- [Records for processing]:
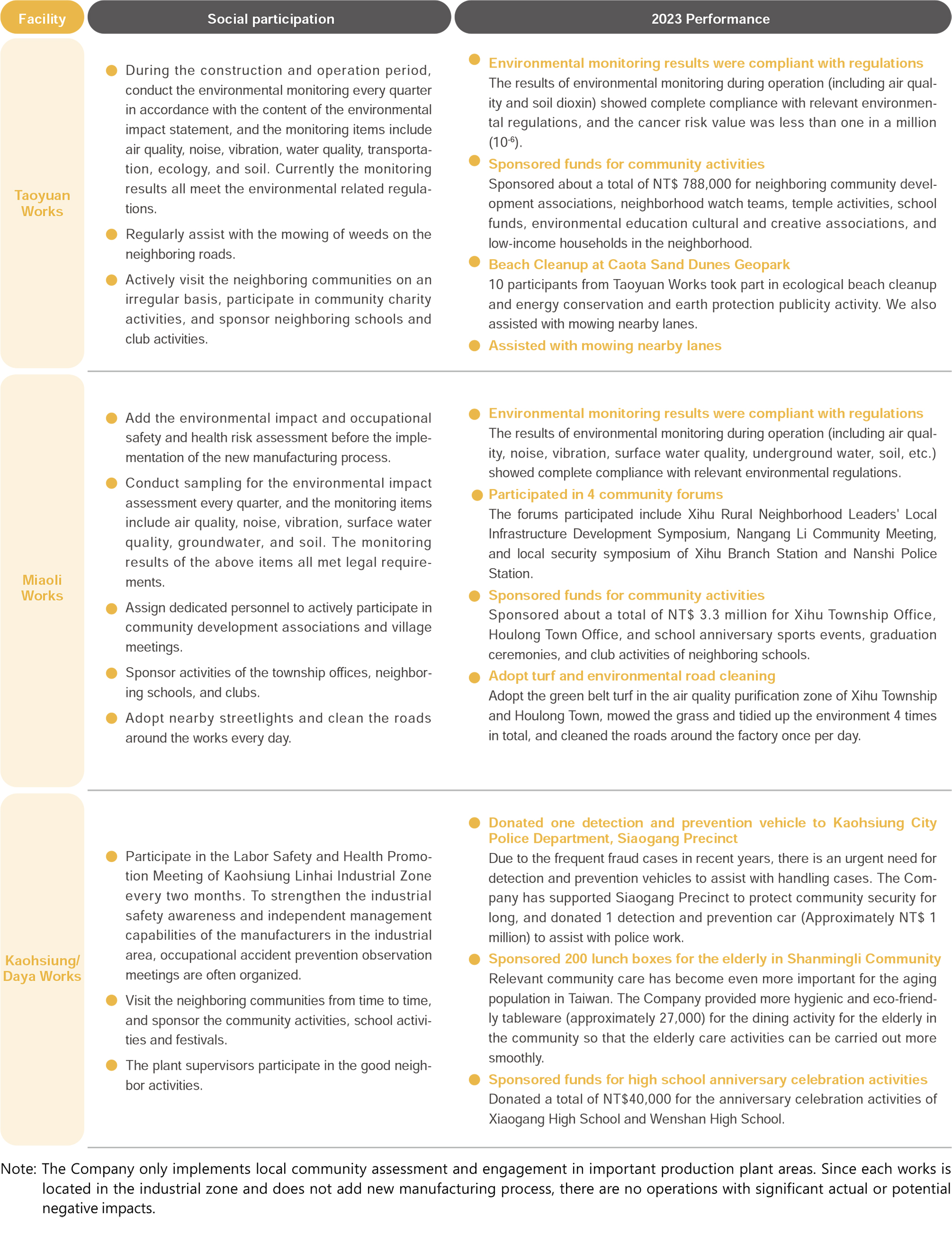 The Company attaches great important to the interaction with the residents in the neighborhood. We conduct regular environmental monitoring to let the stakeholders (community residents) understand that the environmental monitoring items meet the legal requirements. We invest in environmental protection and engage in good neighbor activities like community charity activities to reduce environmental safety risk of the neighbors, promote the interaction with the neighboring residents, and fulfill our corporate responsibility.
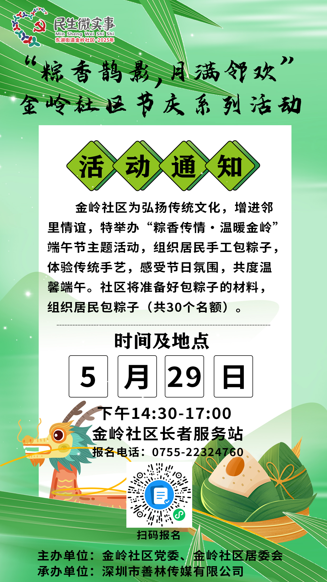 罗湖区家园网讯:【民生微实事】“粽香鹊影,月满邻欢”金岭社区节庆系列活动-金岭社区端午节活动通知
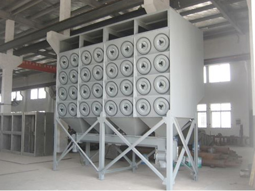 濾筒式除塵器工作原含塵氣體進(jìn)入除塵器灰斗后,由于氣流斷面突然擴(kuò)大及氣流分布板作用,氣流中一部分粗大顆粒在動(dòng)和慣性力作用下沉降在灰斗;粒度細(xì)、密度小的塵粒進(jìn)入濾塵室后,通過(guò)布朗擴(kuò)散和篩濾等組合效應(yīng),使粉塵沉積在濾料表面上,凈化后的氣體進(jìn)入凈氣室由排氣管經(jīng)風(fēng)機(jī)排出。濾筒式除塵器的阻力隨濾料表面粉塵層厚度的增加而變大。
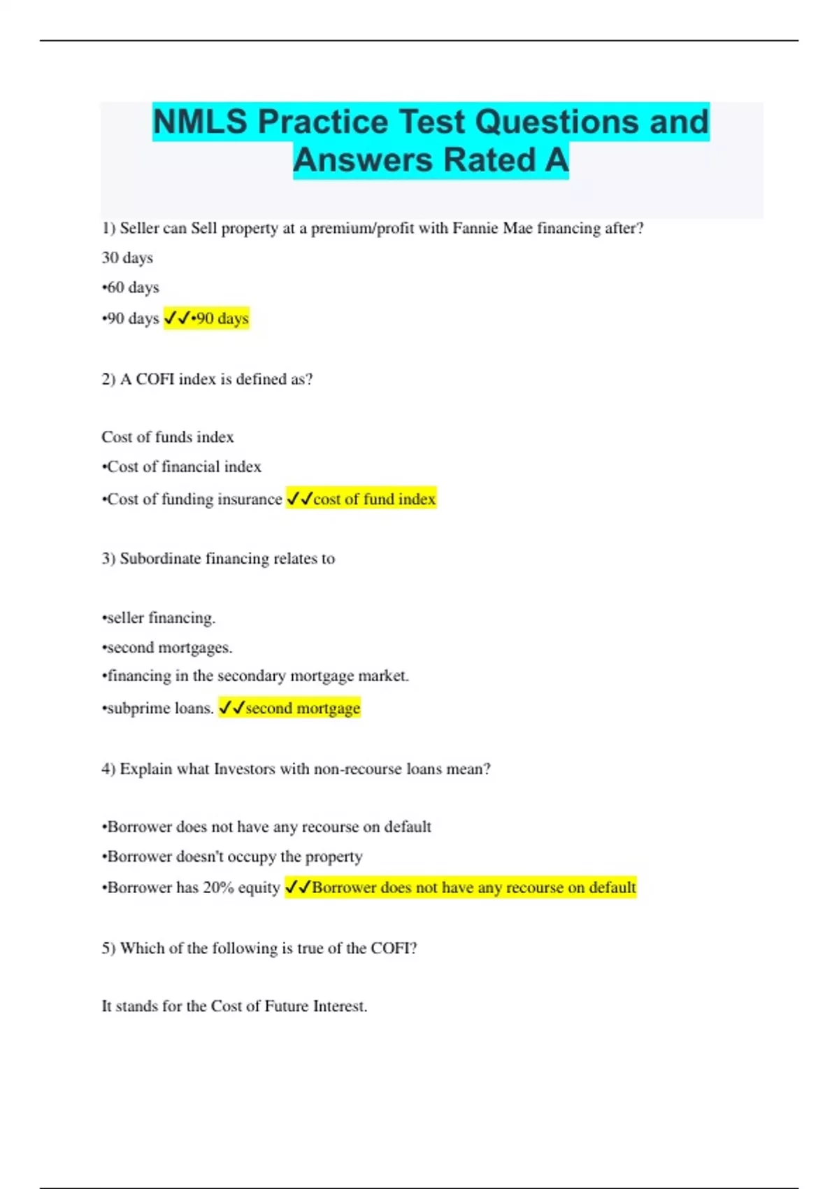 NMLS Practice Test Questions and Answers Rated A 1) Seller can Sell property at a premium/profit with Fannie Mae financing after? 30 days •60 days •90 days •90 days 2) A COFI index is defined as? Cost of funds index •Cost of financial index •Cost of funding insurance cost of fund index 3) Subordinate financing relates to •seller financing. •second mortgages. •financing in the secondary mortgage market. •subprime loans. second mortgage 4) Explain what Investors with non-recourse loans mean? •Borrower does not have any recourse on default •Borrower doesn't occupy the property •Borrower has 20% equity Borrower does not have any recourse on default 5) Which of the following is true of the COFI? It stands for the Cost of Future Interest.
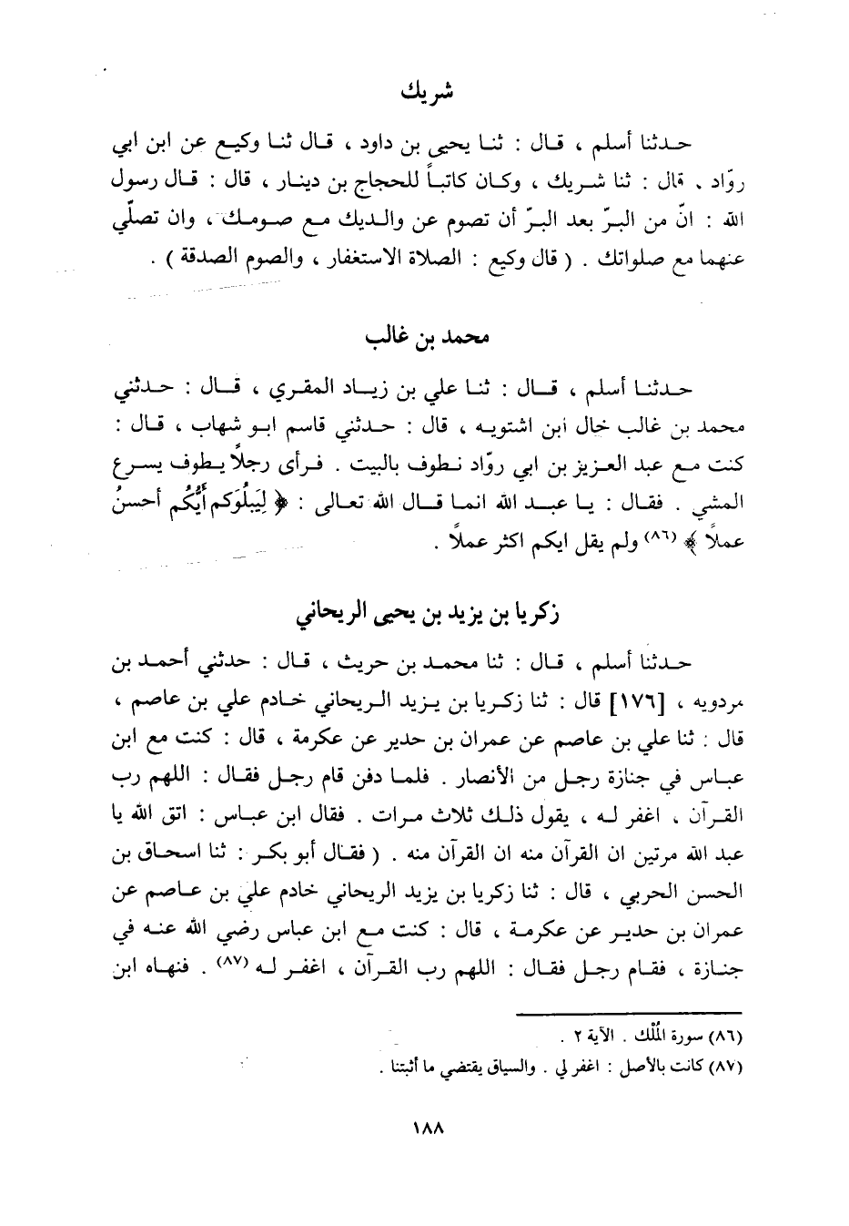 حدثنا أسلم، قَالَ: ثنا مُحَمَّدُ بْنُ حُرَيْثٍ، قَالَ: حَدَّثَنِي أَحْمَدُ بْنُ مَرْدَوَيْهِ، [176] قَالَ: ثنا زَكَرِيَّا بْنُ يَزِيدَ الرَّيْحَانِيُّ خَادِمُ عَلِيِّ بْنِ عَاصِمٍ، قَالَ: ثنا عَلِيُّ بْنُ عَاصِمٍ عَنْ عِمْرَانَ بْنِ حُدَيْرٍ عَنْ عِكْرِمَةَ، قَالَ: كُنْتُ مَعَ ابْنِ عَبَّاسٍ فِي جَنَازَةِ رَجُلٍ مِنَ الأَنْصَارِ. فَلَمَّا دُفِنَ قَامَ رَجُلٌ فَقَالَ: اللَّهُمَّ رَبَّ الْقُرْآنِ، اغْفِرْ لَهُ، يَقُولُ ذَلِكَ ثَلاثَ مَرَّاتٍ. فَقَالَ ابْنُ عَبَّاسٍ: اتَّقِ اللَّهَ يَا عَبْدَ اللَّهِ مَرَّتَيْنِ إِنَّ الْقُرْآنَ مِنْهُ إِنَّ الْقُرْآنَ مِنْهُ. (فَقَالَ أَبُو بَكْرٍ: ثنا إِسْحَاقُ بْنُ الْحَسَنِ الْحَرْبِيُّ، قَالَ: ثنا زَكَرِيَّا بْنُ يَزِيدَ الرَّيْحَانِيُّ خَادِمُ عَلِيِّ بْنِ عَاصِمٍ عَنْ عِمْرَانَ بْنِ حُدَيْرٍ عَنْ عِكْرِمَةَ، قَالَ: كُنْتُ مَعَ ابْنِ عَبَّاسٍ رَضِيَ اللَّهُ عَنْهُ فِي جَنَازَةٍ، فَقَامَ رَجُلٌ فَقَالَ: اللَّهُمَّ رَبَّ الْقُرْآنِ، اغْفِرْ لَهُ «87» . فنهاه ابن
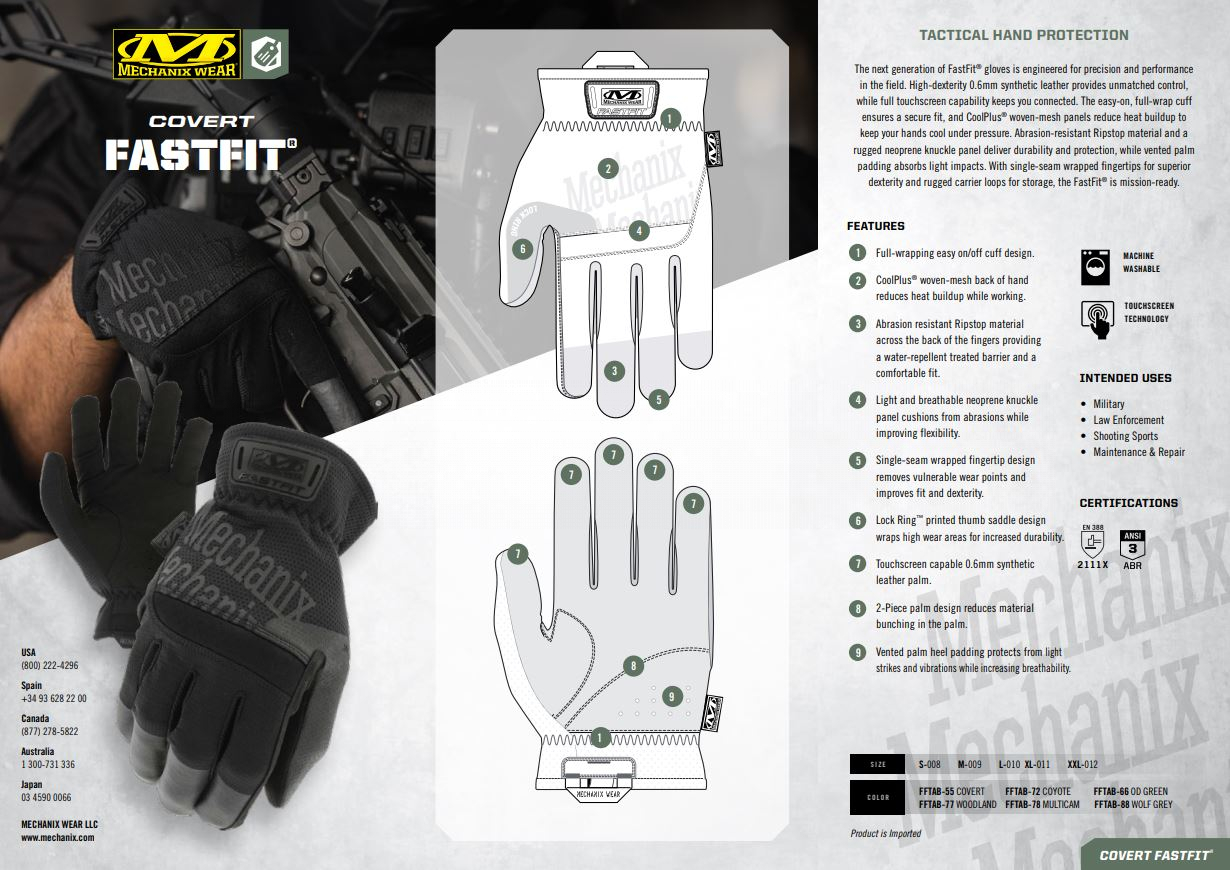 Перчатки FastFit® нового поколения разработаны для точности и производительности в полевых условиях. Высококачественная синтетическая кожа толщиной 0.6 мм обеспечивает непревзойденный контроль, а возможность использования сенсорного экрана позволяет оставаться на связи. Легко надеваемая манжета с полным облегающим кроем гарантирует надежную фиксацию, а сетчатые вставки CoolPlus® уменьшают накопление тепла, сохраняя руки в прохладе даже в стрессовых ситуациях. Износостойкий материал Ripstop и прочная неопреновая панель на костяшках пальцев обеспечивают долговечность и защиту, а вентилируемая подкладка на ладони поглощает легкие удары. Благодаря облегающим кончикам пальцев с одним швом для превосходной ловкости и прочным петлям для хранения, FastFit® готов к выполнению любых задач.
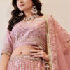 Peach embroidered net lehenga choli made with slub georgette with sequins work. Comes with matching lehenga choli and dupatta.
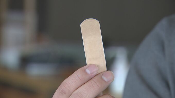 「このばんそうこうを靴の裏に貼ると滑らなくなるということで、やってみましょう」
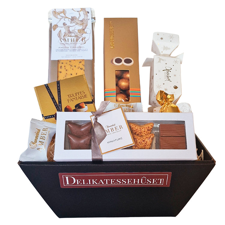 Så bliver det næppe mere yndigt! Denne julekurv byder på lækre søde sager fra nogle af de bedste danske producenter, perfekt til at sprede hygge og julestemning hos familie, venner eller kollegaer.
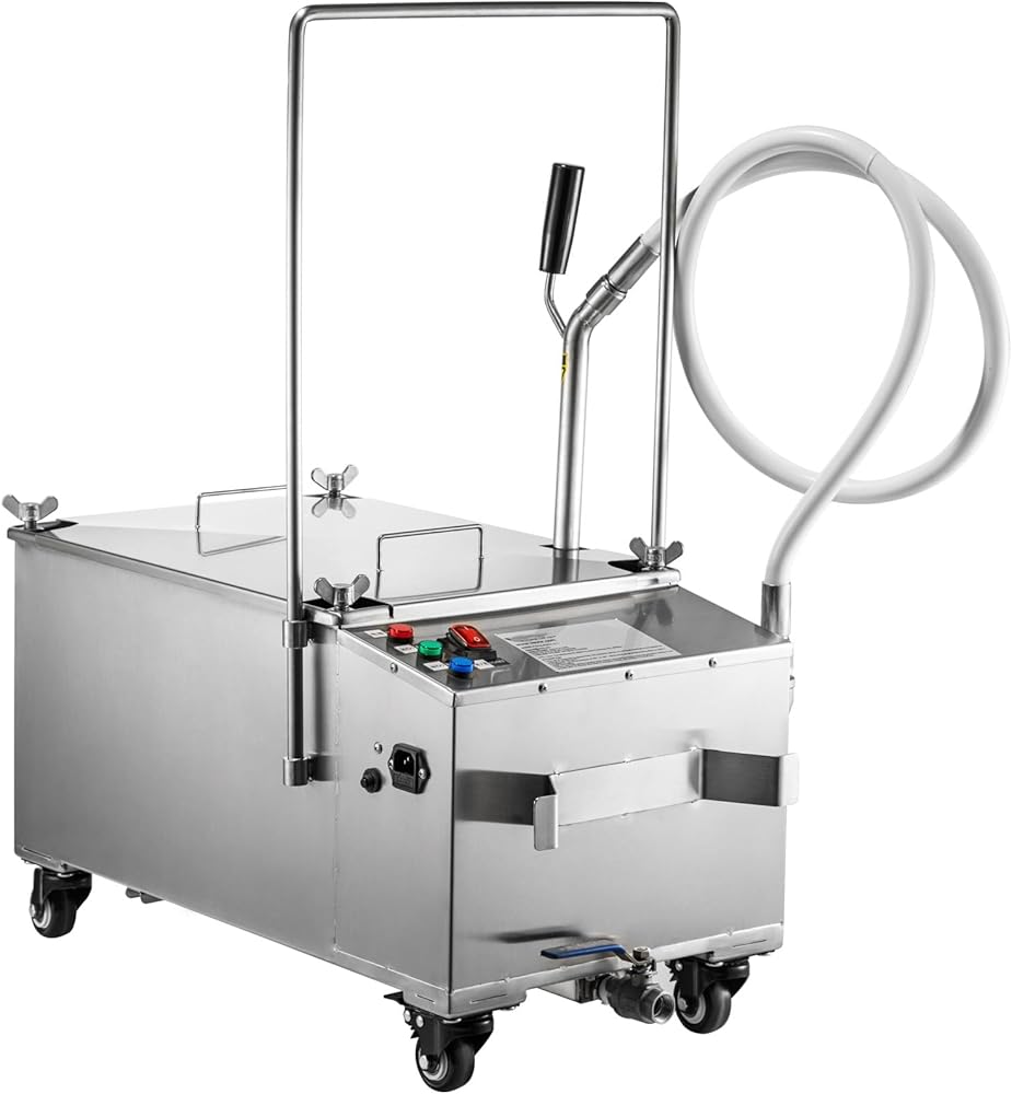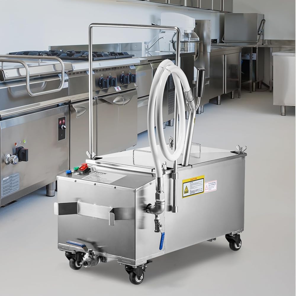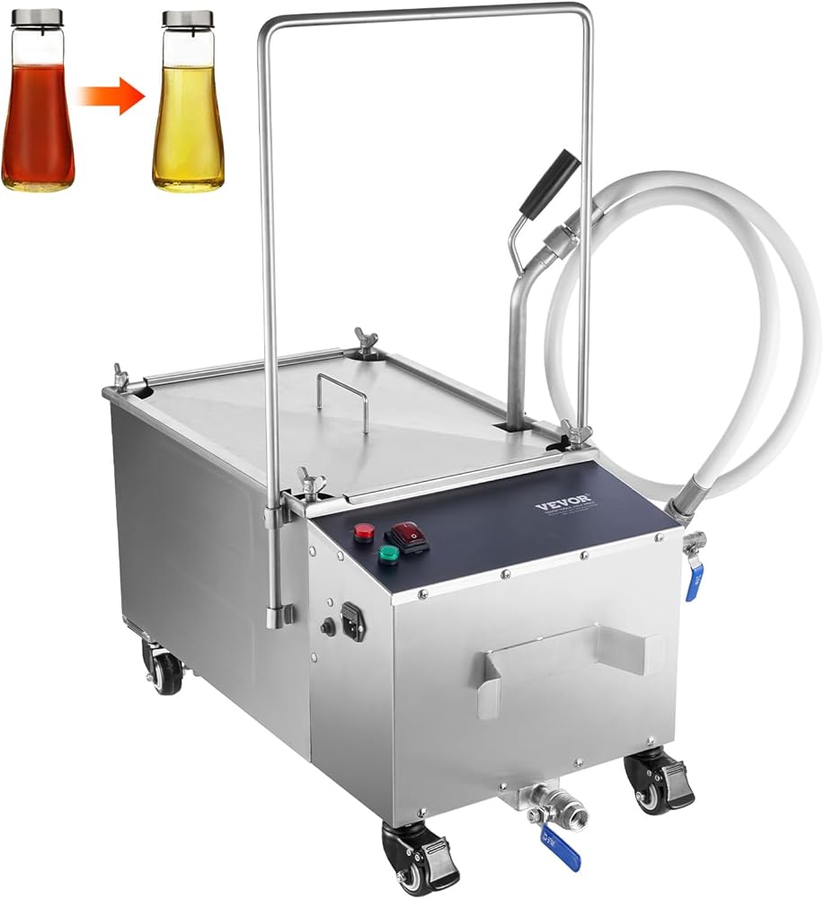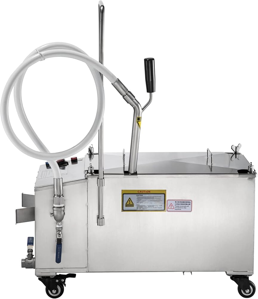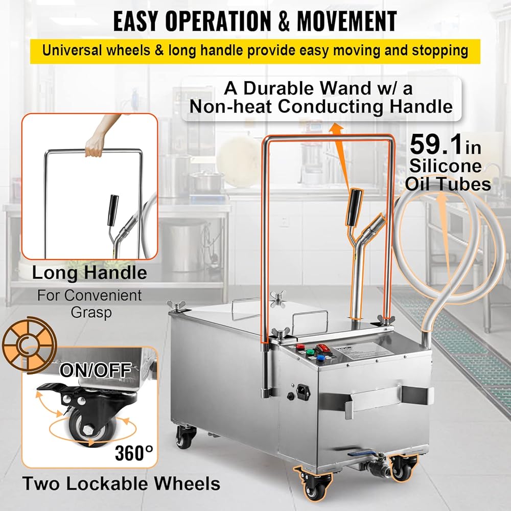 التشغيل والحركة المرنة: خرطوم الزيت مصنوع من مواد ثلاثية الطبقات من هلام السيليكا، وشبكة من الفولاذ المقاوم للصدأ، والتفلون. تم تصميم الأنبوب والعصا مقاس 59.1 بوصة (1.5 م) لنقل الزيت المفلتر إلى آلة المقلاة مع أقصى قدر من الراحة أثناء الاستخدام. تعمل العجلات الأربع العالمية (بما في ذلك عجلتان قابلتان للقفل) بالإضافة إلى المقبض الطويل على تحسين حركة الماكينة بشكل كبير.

- [What you are asked to do]: Taking the records above, print only and exactly the lines from the line with "濾筒式除塵器工作原含塵氣體進" to the line with "NMLS Practice Test", both kept, and exclude pictures.

- [Solution for this exercise]:
 濾筒式除塵器工作原含塵氣體進(jìn)入除塵器灰斗后,由于氣流斷面突然擴(kuò)大及氣流分布板作用,氣流中一部分粗大顆粒在動(dòng)和慣性力作用下沉降在灰斗;粒度細(xì)、密度小的塵粒進(jìn)入濾塵室后,通過(guò)布朗擴(kuò)散和篩濾等組合效應(yīng),使粉塵沉積在濾料表面上,凈化后的氣體進(jìn)入凈氣室由排氣管經(jīng)風(fēng)機(jī)排出。濾筒式除塵器的阻力隨濾料表面粉塵層厚度的增加而變大。
 NMLS Practice Test Questions and Answers Rated A 1) Seller can Sell property at a premium/profit with Fannie Mae financing after? 30 days •60 days •90 days •90 days 2) A COFI index is defined as? Cost of funds index •Cost of financial index •Cost of funding insurance cost of fund index 3) Subordinate financing relates to •seller financing. •second mortgages. •financing in the secondary mortgage market. •subprime loans. second mortgage 4) Explain what Investors with non-recourse loans mean? •Borrower does not have any recourse on default •Borrower doesn't occupy the property •Borrower has 20% equity Borrower does not have any recourse on default 5) Which of the following is true of the COFI? It stands for the Cost of Future Interest.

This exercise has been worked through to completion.